I was looking for a cheap budget sup to go along with my polk audio speakers (monitor 60 floor standing) and ended up buying the BIC F-12. It has done me very well and for the money I am still very pleased. I planned on buying two of these subs but something came up and I need the money to go else where. I now have the money to purchase the second sub I was planning to get. My question is would it be better to buy the same sub as I currently own or would a different sub such as the BIC V-1220 be a better choice just because of the different woofer position. It is basically the same sub but it down fires rather then my current front firing F-12. I obviously am not well educated so a little input would be appreciated.


----------



## eugovector (Sep 4, 2006)

Generally speaking, if you're using an auto EQ like Audyssey, you're going to want identical/identically performing subs. This ensures that audyssey won't boost frequencies that can be handled by one sub, but over drive the other. Of course, if your second sub goes lower, louder, cleaner than your first, the limiting factor won't be the sub you're buying, but the sub you already own.

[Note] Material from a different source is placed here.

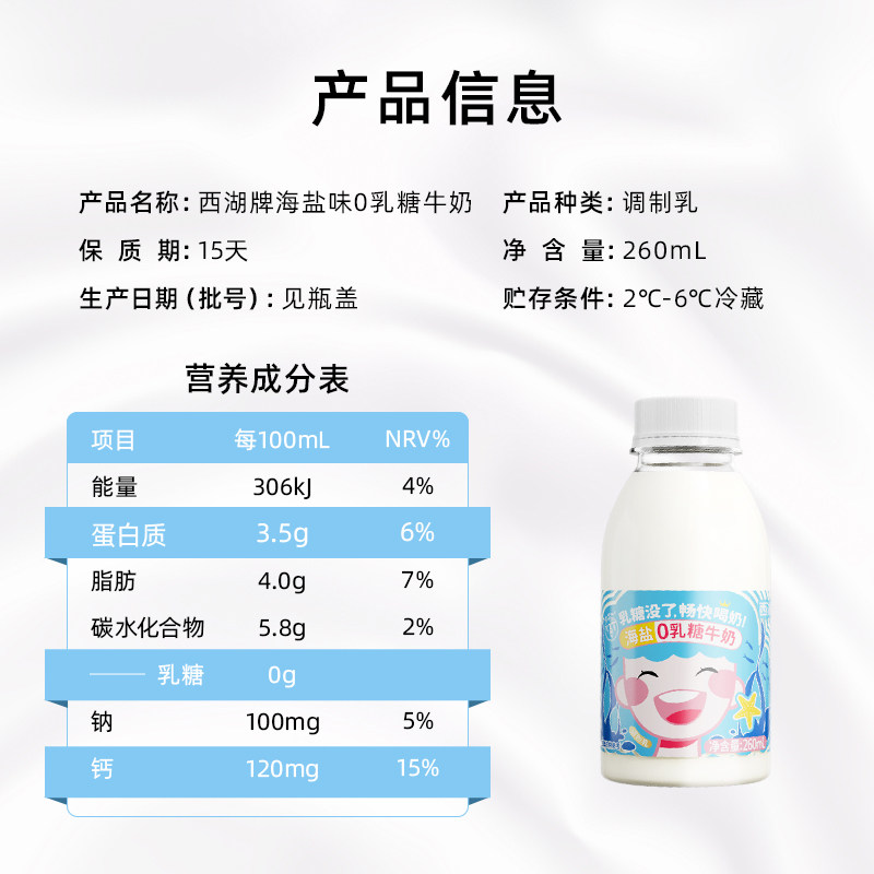 【杭州送奶到户】西湖牌海盐0乳糖牛奶260mL(每日新鲜配送)

I'm not familiar with the Bics except that the brand was well loved around the internet many years ago for it's bang/buck ratio. I'm not sure if their designs have held up among new offerings from other manufacturers.


----------



## tesseract (Aug 9, 2010)

The BIC F12 was well received at a recent GTG I attended, although I missed listening to it.

There were some big players at this gathering, so that speaks well for the BIC!


----------